Aspirin discontinuation in CVD prevention is associated with increased CV risk
Low-Dose Aspirin Discontinuation and Risk of Cardiovascular Events: A Swedish Nationwide, Population-Based Cohort StudyLiterature - Sundström J, Hedberg J, Thuresson M, et al. - Circulation. 2017;136:1183-1192
- During a median of 3.0 years of follow-up (range: 0.002–3.5 years), corresponding to 1 491 369 person-years (PY) at risk, 62 690 CV events occurred (incidence rate: 42.0 per 1000 PY at risk). 19 978 PY were excluded from the analyses because of surgical procedures and major bleeding events.
- Patients on persistent aspirin treatment had the lowest incidence of CV events. Patients who had discontinued aspirin had a 37% higher rate of CV events, corresponding to an absolute risk increase of 13.5 events per 1000 PY at risk. On average, 1 of every 74 patients who discontinued aspirin had an additional CV event in 1 year.
- In patients receiving aspirin for secondary prevention, discontinuing aspirin was associated with a 46% higher rate of CV events than continuing on aspirin, corresponding to an absolute risk increase of 28.0 per 1000 PY at risk, or an additional CV event per year in 1 of every 36 patients who discontinued aspirin.
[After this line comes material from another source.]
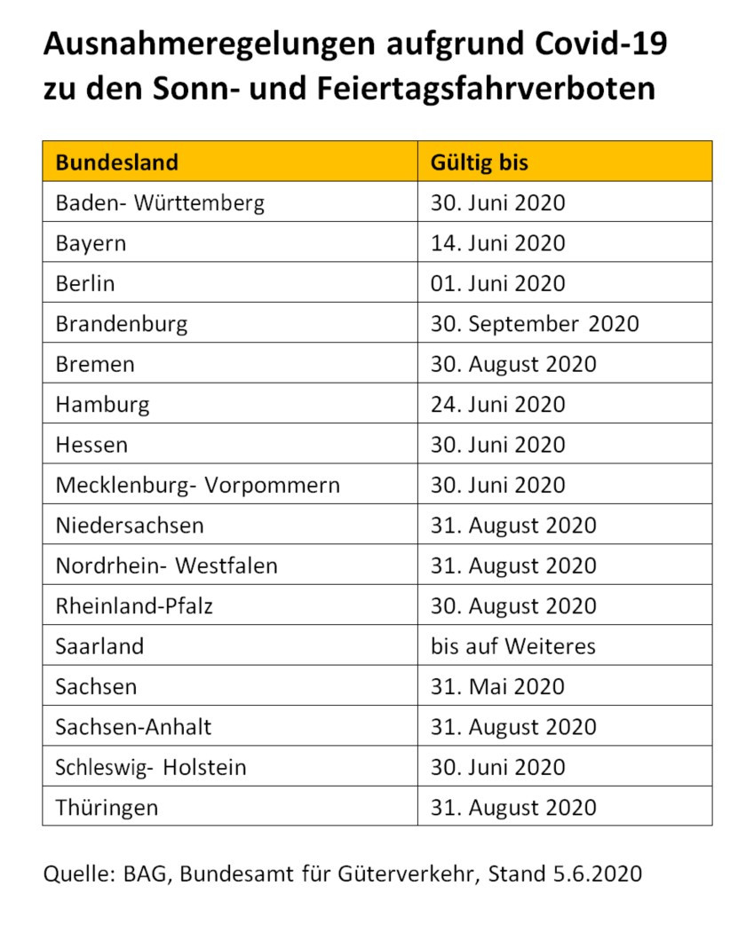 Aber Achtung, in Berlin und Sachsen gelten bereits seit Anfang Juni wieder die gewohnten Sonn- und Feiertagsfahrverbote, in Bayern werden sie ab dem 15. Juni und in weiteren Bundesländern ab Juli wieder eingeführt.

- In patients who were probably using aspirin for primary prevention, discontinuing aspirin was associated with a 28% higher rate of CV events than continuing on aspirin, an absolute risk increase of 6.9 per 1000 PY at risk, or an additional CV event per year in 1 of every 146 patients who discontinued aspirin.
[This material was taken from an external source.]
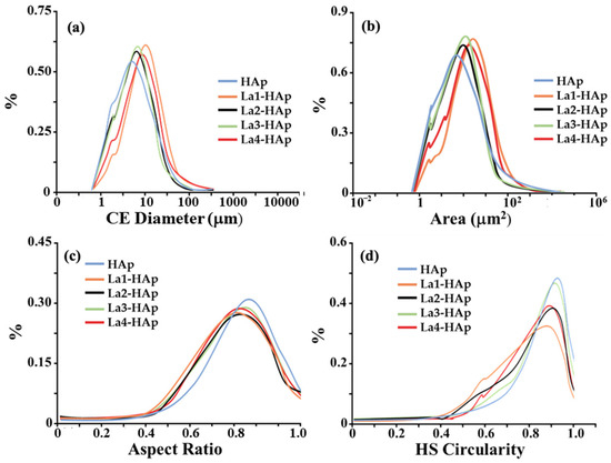 Morphological analyses of pure and La-doped HAp samples: (a) ‘circle equivalent’ (CE) diameter distribution curve (logarithmic scale); (b) particle area (A) (logarithmic scale); (c) aspect ratio = width/length ratio; and (d) HS circularity = 4 μA/P2 (A = area and P = perimeter).

- Patients who stopped taking aspirin after a period of 4 timely dispenses had an early risk increase for CV events compared with those who collected their fifth dispense on time. The median time to the first CV event in those who did not collect their fifth dispense on time was one-third the time of those who collected their dispense on schedule (time ratio: 0.31; 95% CI: 0.22–0.43).
The discontinuation of low-dose long-term aspirin use for CVD prevention in the absence of major surgery or bleeding, was associated with a >30% increased CV risk, shortly after discontinuation. These findings support the use of aspirin in CVD prevention, and justifies further measures to ensure treatment persistence in this setting.